# Shredding



## Kacu

Wie ktoś co to znaczy?

"If you're shredding with another biker, it doesn't| matter if you share a language."


Jeśli ... to bariera językowa nie ma znaczenia. Czy się mylę?? 

Zdanie jest w kontekście wspólnej jazdy na rowerze.


----------



## Thomas1

Zastanawiam się, czy może tu chodzić o wspólną jazdę, zwłaszcza ostrą, agresywną. Spójrz na drugą definicję w tym słowniku.

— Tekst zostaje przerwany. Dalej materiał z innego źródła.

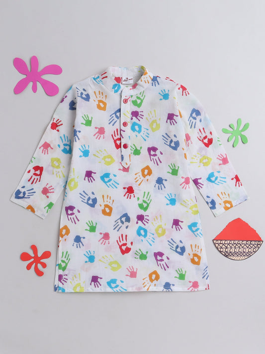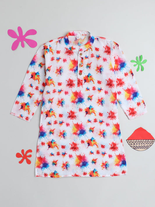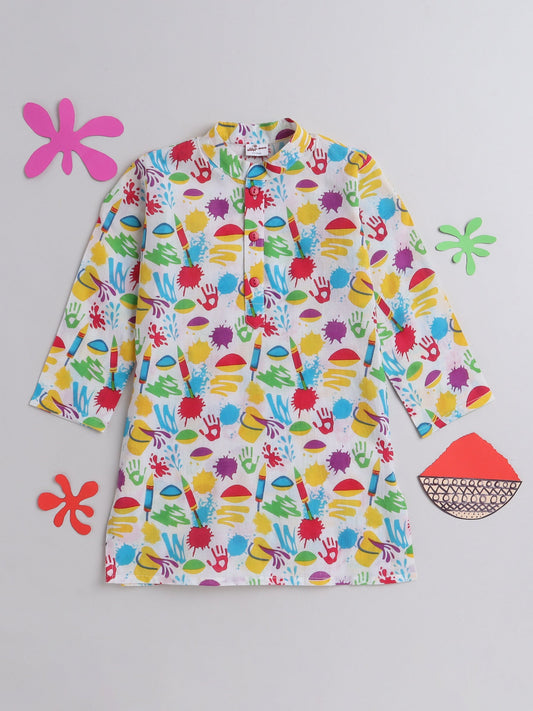 The Magic Wand Holi Festival Theme Printed Colourful Full Sleeves Mandarin Collar Kurta For Boys-White, Multi

Co do drugiej części zdania, to mam wątpliwości, bo wynika z niej coś zupełnie odwrotnego do tego, co napisałeś.


----------



## BezierCurve

Zobacz tutaj, druga odpowiedź.


----------



## LilianaB

Kacu said:


> Wie ktoś co to znaczy?
> 
> "If you're shredding with another biker, it doesn't| matter if you share a language."
> 
> 
> Jeśli ... to bariera językowa nie ma znaczenia. Czy się mylę??
> 
> Zdanie jest w kontekście wspólnej jazdy na rowerze.



It just means riding, having fun. It does not have anything to do with language. (slang, or bikers jargon).


----------



## Kacu

Czyli można to przetłumaczyć jako:

"Jeśli dobrze się bawisz z innymi (rowerzystami), język nie ma znaczenia."


----------



## BezierCurve

A pewnie; dla mnie OK.


----------



## Thomas1

Inne propozycje:
Jeśli dobrze Ci się jeździ z innymi...
Jeśli jeździsz z innymi i masz/czerpiesz z tego przyjemność...
Język nie ma znaczenia, ważne (jest), że jeździcie razem i że sprawia wam to przyjemność.

PS: wydaje mi się, że tłumaczenie drugiej części z pierwszego postu jest jednak OK.


----------



## Kacu

Ok. Dzięki za pomoc.


----------



## Thomas1

Natknąłem się jeszcze na "śmigać", które też mogłoby pasować w tym kontekście (zob. tu).


----------